EXTRACTED DATA

_ _ _

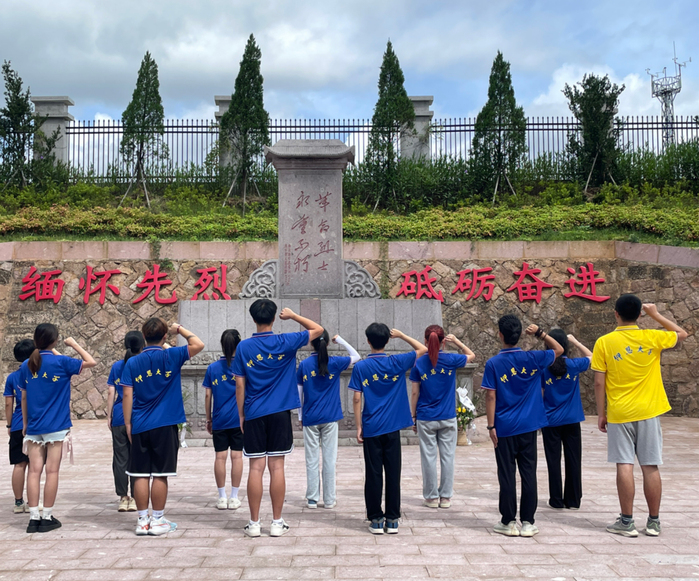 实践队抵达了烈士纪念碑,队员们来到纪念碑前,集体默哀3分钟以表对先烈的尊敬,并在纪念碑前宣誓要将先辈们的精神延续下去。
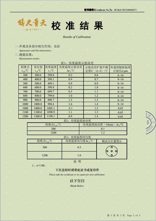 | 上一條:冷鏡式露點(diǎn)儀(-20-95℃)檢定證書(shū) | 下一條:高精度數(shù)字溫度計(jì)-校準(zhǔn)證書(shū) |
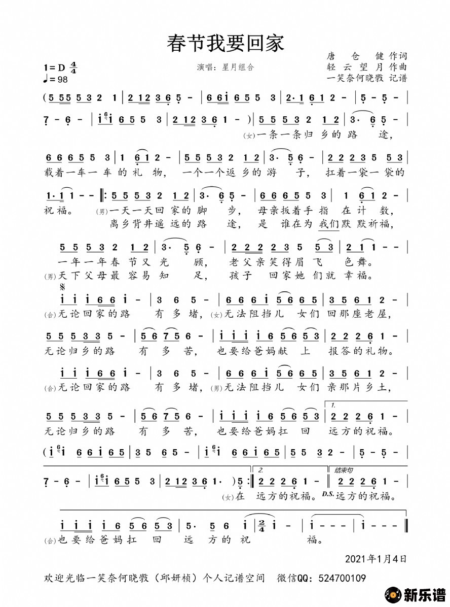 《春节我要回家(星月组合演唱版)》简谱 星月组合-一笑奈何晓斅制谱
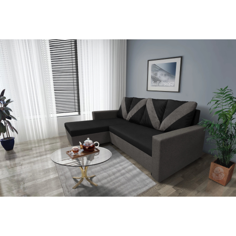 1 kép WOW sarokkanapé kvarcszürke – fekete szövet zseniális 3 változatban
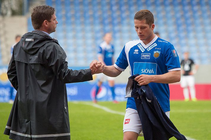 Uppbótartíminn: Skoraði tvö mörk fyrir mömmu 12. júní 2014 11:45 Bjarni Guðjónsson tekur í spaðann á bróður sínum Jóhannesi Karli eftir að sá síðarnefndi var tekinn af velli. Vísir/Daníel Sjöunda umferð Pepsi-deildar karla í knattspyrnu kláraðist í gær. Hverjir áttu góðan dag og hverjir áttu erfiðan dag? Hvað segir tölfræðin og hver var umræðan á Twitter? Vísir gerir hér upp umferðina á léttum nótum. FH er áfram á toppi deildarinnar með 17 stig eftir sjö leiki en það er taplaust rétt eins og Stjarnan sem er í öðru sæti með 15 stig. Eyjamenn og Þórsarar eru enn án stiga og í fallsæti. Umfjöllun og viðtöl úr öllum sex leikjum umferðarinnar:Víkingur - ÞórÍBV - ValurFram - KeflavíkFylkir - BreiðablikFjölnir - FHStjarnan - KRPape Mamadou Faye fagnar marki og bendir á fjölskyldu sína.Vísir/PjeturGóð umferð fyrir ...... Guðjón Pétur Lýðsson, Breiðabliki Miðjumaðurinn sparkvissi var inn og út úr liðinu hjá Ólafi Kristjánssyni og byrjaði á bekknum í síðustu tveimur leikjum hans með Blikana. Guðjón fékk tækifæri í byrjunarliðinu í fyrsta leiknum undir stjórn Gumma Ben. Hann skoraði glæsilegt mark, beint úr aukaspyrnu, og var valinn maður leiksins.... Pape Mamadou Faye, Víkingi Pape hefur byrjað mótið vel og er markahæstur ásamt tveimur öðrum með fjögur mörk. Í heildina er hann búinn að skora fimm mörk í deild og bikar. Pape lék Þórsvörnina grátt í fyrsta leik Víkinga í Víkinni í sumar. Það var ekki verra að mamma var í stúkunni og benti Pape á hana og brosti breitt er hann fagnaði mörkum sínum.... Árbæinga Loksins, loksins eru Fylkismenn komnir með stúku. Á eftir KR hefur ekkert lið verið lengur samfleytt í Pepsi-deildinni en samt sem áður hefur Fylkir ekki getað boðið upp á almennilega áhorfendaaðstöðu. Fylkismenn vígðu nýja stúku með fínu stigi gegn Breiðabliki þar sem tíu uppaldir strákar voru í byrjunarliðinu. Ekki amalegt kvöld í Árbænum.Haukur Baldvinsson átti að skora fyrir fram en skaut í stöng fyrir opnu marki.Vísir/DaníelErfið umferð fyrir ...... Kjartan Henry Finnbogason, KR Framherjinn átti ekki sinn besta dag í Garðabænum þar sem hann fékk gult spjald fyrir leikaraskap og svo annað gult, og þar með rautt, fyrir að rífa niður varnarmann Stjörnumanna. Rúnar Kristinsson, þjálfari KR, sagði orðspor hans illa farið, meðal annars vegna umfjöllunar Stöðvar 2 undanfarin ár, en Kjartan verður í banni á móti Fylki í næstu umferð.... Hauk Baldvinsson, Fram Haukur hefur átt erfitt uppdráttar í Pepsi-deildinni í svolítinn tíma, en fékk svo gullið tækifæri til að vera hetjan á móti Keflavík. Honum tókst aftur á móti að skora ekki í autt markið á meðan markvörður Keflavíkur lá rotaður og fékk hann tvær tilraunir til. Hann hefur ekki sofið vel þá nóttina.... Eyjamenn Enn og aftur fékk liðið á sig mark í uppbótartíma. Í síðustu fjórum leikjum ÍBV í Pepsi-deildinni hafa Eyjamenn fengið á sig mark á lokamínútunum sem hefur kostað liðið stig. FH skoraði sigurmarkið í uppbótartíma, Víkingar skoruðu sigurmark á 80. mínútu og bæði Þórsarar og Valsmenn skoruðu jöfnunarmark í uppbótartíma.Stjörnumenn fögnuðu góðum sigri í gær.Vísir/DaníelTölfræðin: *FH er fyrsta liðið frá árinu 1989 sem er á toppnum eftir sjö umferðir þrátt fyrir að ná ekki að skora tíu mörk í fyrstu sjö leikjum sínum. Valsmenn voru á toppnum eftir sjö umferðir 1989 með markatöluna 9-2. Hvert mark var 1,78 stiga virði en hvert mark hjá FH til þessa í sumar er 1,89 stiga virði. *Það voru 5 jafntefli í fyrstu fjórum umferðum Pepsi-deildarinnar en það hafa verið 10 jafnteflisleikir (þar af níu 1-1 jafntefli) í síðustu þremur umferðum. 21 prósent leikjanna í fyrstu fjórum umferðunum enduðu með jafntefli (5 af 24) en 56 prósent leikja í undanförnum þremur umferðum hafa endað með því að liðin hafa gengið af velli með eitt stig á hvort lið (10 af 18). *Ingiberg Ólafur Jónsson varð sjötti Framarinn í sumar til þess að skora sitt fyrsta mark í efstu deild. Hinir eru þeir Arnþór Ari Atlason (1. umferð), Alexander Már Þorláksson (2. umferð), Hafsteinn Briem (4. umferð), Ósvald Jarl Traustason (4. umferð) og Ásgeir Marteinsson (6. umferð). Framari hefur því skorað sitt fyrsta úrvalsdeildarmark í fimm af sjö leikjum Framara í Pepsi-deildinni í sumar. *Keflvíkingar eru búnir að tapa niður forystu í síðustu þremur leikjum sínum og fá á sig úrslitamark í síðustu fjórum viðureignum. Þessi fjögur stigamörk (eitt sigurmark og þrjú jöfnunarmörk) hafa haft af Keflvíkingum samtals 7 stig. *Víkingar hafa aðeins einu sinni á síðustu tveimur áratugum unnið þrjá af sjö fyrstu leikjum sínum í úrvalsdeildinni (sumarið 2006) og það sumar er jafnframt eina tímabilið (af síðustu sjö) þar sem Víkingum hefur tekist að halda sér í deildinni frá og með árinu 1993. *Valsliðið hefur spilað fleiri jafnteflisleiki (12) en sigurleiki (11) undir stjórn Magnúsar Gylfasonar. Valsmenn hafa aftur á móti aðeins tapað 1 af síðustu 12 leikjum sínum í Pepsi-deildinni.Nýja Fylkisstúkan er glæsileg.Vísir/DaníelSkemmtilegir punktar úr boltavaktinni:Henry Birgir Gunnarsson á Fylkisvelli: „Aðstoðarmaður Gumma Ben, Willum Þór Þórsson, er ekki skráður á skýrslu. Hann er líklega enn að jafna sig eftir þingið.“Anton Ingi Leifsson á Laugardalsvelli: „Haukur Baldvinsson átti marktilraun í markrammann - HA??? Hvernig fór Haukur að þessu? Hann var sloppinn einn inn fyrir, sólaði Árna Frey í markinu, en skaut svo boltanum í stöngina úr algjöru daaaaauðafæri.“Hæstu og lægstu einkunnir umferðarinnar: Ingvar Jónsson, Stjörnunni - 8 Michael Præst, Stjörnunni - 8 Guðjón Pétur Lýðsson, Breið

_ _ _

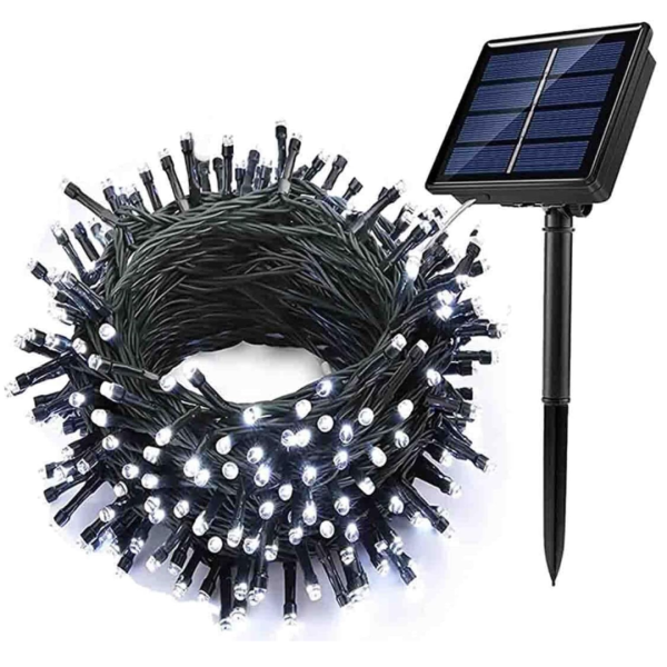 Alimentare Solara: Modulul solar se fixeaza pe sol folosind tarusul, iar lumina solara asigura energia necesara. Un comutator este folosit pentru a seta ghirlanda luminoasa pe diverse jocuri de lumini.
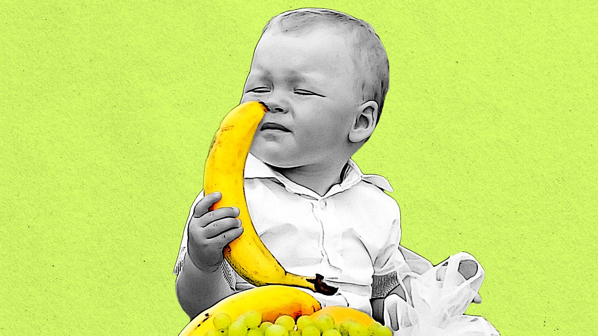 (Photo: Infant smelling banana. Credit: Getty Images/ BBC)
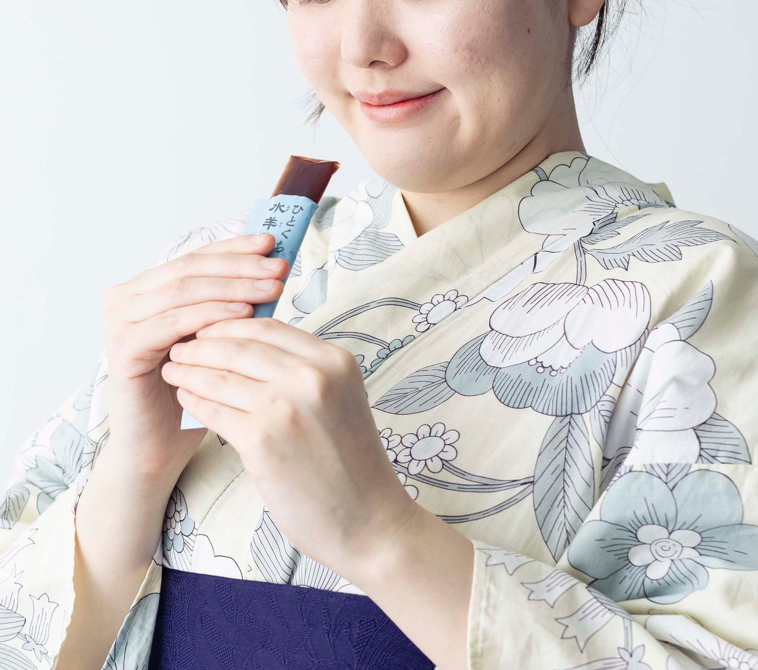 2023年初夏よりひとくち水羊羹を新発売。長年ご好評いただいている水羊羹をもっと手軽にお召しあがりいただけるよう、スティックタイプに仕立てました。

_ _ _

PROBLEM DETAILS
The reply should hold exactly the lines above, starting at the line with "实践队抵达了烈士纪念碑,队员" and ending at the line with "1 kép WOW sarokkanapé", and no pictures.

PROBLEM SOLUTION
 实践队抵达了烈士纪念碑,队员们来到纪念碑前,集体默哀3分钟以表对先烈的尊敬,并在纪念碑前宣誓要将先辈们的精神延续下去。
 | 上一條:冷鏡式露點(diǎn)儀(-20-95℃)檢定證書(shū) | 下一條:高精度數(shù)字溫度計(jì)-校準(zhǔn)證書(shū) |
 《春节我要回家(星月组合演唱版)》简谱 星月组合-一笑奈何晓斅制谱
 1 kép WOW sarokkanapé kvarcszürke – fekete szövet zseniális 3 változatban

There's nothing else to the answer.